Find where "My iPhone XR" appears in the records below, then return that line and every later line exactly, stopping only at the last line.

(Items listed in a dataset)
/---

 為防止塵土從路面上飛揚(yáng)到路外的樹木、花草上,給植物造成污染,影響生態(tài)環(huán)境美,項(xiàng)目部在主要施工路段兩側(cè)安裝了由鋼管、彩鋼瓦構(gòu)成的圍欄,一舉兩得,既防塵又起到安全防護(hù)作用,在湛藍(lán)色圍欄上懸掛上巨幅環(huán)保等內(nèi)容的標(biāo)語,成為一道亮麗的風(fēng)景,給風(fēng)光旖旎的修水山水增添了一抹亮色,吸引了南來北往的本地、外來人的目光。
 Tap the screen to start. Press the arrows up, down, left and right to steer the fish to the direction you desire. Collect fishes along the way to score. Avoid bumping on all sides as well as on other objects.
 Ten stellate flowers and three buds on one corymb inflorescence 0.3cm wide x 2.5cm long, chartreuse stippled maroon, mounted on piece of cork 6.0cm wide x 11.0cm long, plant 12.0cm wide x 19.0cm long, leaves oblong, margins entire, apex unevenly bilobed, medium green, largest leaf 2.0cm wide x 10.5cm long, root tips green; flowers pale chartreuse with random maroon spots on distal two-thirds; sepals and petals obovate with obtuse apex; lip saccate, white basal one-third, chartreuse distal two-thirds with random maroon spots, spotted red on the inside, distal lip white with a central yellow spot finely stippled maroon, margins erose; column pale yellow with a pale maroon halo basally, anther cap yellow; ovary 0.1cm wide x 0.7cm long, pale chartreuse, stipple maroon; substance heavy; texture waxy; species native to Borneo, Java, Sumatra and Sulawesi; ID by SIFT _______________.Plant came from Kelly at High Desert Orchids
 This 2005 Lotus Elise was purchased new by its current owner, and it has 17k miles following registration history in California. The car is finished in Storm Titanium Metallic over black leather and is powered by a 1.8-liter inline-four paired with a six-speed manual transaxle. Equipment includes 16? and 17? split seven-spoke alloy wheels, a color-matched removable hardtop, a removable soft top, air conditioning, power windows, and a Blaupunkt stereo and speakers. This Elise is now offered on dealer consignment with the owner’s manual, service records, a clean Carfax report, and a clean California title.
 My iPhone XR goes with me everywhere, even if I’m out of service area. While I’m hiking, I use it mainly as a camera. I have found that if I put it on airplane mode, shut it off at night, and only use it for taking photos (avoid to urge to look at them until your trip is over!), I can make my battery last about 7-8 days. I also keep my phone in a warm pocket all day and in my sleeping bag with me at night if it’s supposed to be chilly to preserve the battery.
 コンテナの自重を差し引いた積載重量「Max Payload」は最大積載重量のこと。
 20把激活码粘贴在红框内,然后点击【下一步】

\---

Response to the exercise —
 My iPhone XR goes with me everywhere, even if I’m out of service area. While I’m hiking, I use it mainly as a camera. I have found that if I put it on airplane mode, shut it off at night, and only use it for taking photos (avoid to urge to look at them until your trip is over!), I can make my battery last about 7-8 days. I also keep my phone in a warm pocket all day and in my sleeping bag with me at night if it’s supposed to be chilly to preserve the battery.
 コンテナの自重を差し引いた積載重量「Max Payload」は最大積載重量のこと。
 20把激活码粘贴在红框内,然后点击【下一步】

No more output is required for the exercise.